The text was updated successfully, but these errors were encountered:

matkoniecz · 2021-11-11T07:39:46Z

However, testing cell outputs may generate a large number of essentially false positive spelling errors

For example? In which situation there will be something detectable as misspelling? Is it about binary data?

peternewman · 2021-11-11T12:05:22Z

For example? In which situation there will be something detectable as misspelling? Is it about binary data?

Not from the looks of things, it seems to be a way to document and run example code, so presumably the documentation, the code and the inputs to the code could all have typos.

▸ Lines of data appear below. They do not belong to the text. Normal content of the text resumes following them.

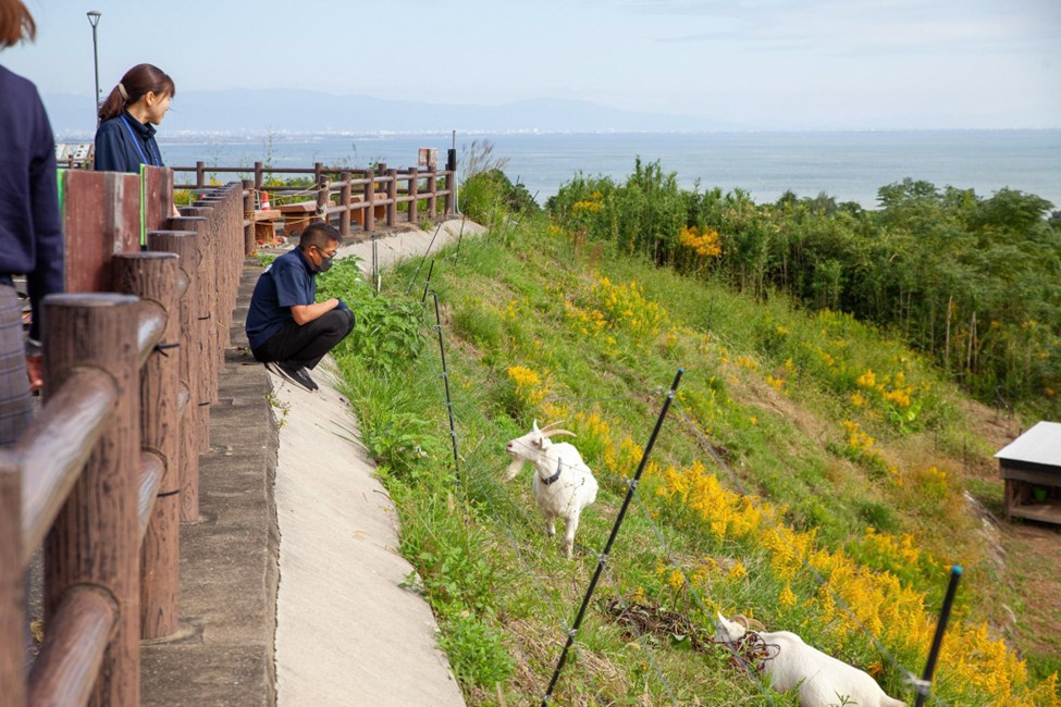 海道しるべの外の景色。海のすぐ側。小高い丘の上に、穏やかな農村風景が連なります。ヤギも飼っています。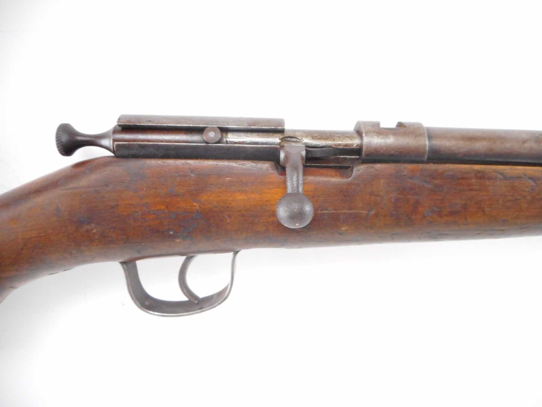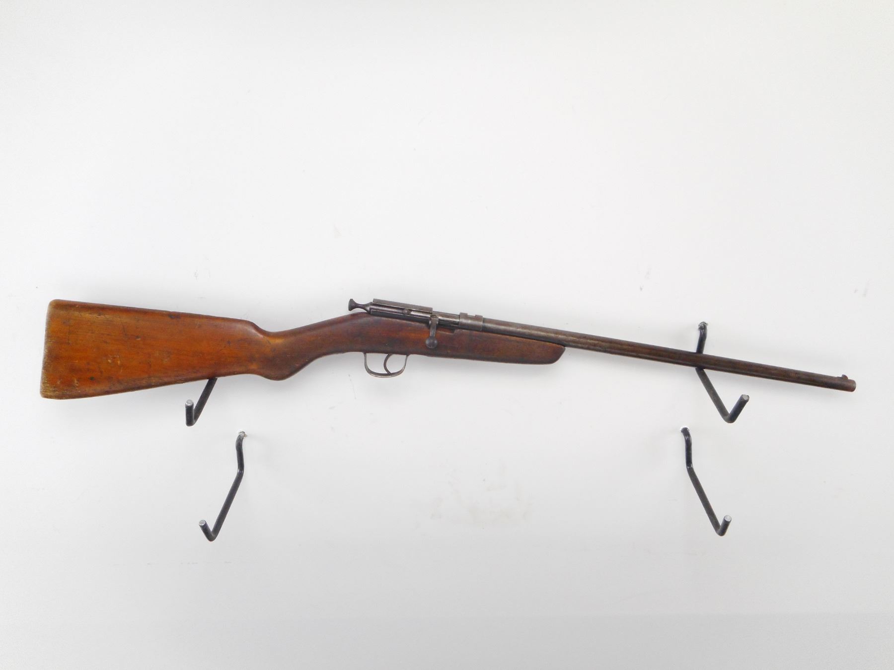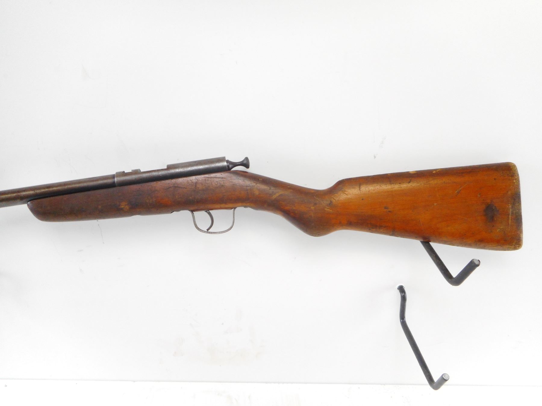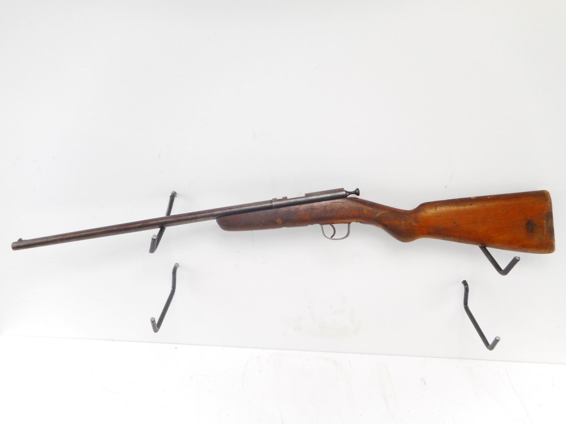 COOEY , MODEL: SPORT , CALIBER: 22 LR , BORE IS FAIR. BLADE FRONT SIGHT. REAR SIGHT REMOVED. SMALL BOLT KNOB. SMOOTH ONE PIECE WOOD STOCK. SMOOTH BUTT. STEEL TRIGGER GUARD. BLUEING SHOWS FADING LIGHT RUST SPECKLES AND WEAR. STOCK SHOWS NUMEROUS HANDLING MARKS AND DINGS. , ACTION: BOLT ACTION RIFLE , BARREL LENGTH: 17" , SERIAL# N/A , CONDITION:4/10 , CLASS: CANADIAN NON RESTRICTED CLASS
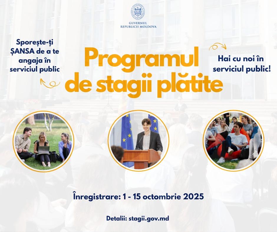 1 octombrie 2025, Chișinău – Guvernul anunță lansarea înregistrării pentru participarea la cea de-a V-a ediție a Programului de stagii plătite în serviciul public.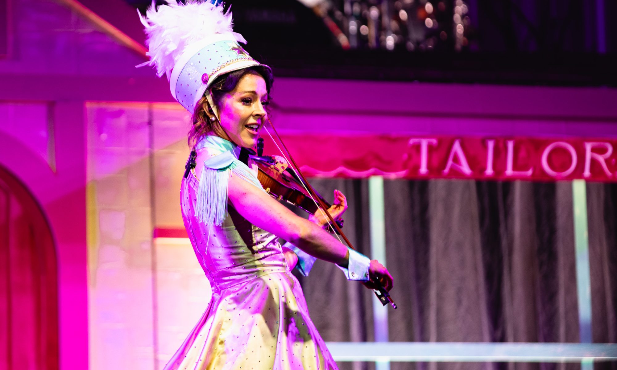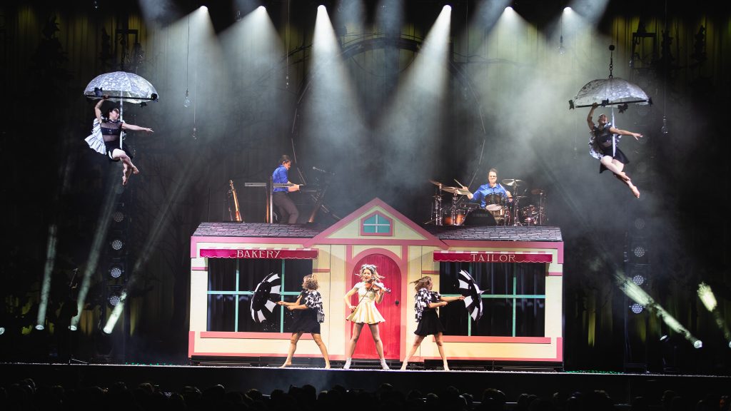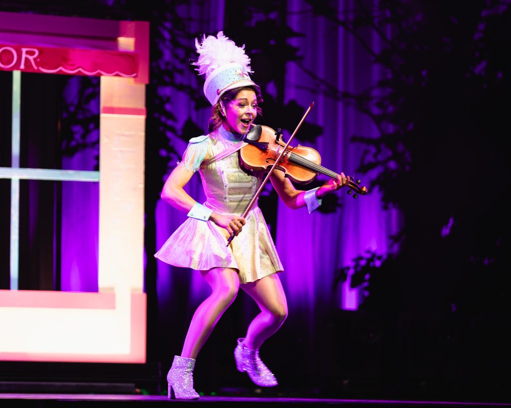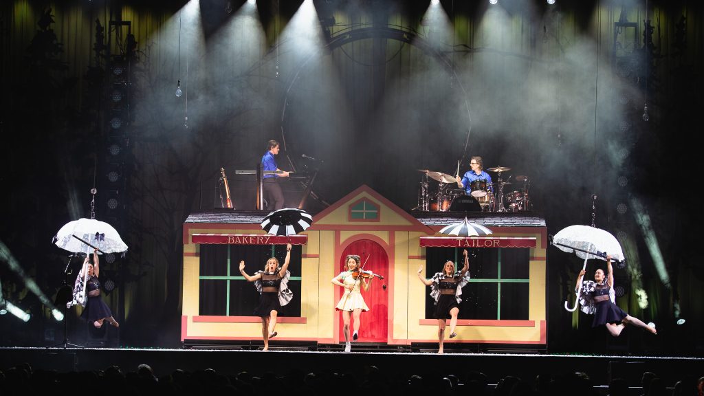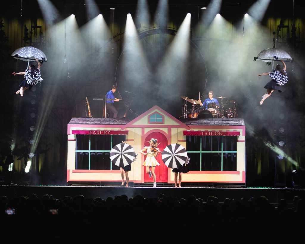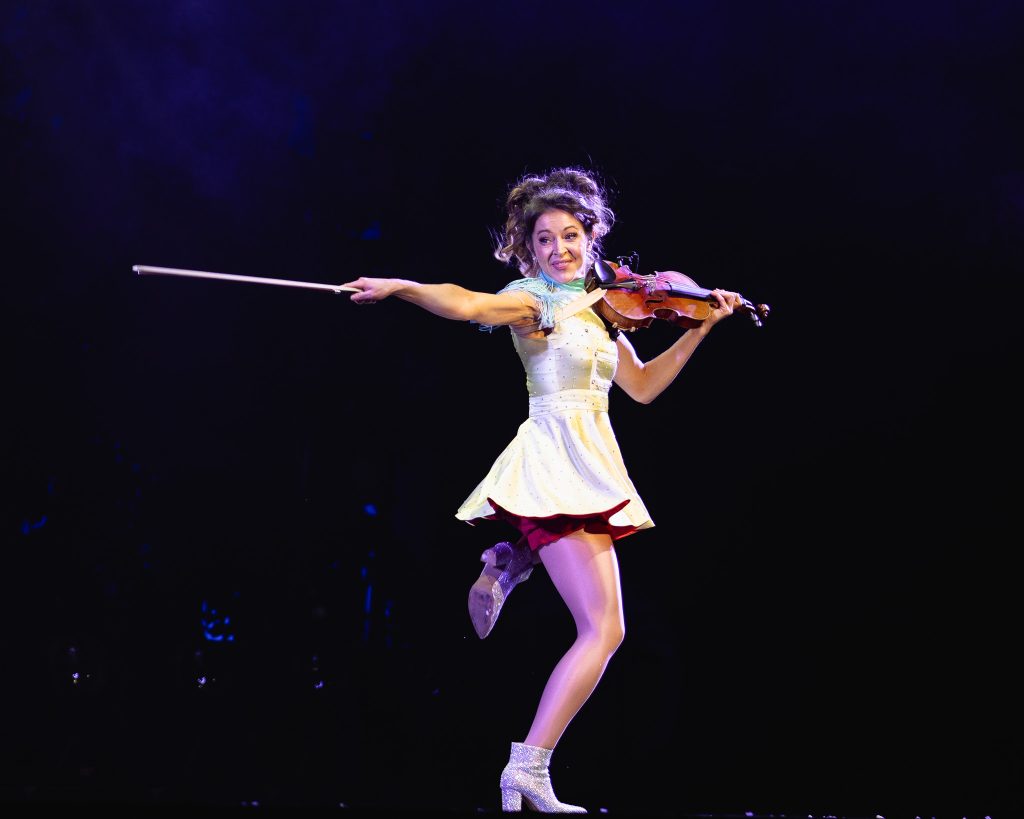 The show opens with an atmospheric swell of strings and ambient visuals that immediately establish the tone: whimsical yet cinematic. Stirling emerges not simply as a violinist, but as a character within the narrative of the evening—part snow queen, part mischievous sprite, part pop star. Dressed in intricately designed costumes that evoke frost, starlight, and fantasy, she commands the stage with a presence that is both polished and playful.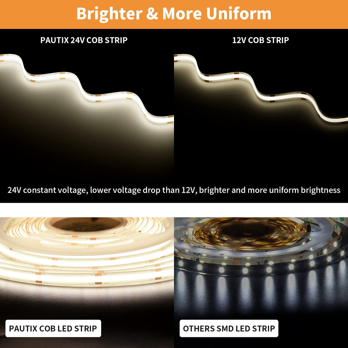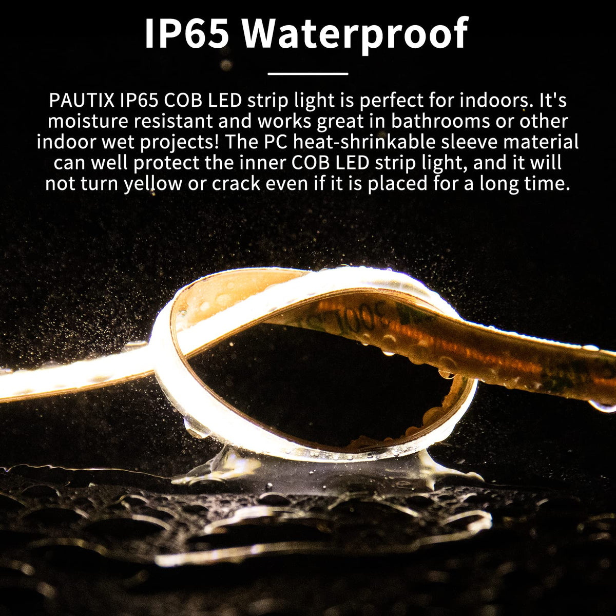 Pautix Cob Led Strip Light Ip65 Waterproof 32.8Ft/10M 5040Leds Natural White 4000K,High Lumen Flexible Cri93+ Led Tape 24V Super

I wonder if this is better written into the nbformat package as an extension, with some sort of API provided by codespell, rather than expecting codespell to import and handle the limitless number of document formats.

matkoniecz · 2021-11-11T12:17:51Z

presumably the documentation, the code and the inputs to the code could all have typos

But in such case it would be beneficial to catch them with codespell, right?

If I would have example in documentation then except rare cases I would find typos also there.

peternewman · 2021-11-11T12:20:33Z

Yes, but I think the point was there might be stuff you don't want to check (e.g. actual hex). I don't really know anything about Jupyter notebook other than 2 minutes on their website (and that they can't spell Jupiter... 😆 ).

psychemedia · 2021-11-11T16:34:15Z

The Jupyter notebook .ipynb file type is JSON document type with a cell based structure (https://nbformat.readthedocs.io/en/latest/format_description.html#cell-types ).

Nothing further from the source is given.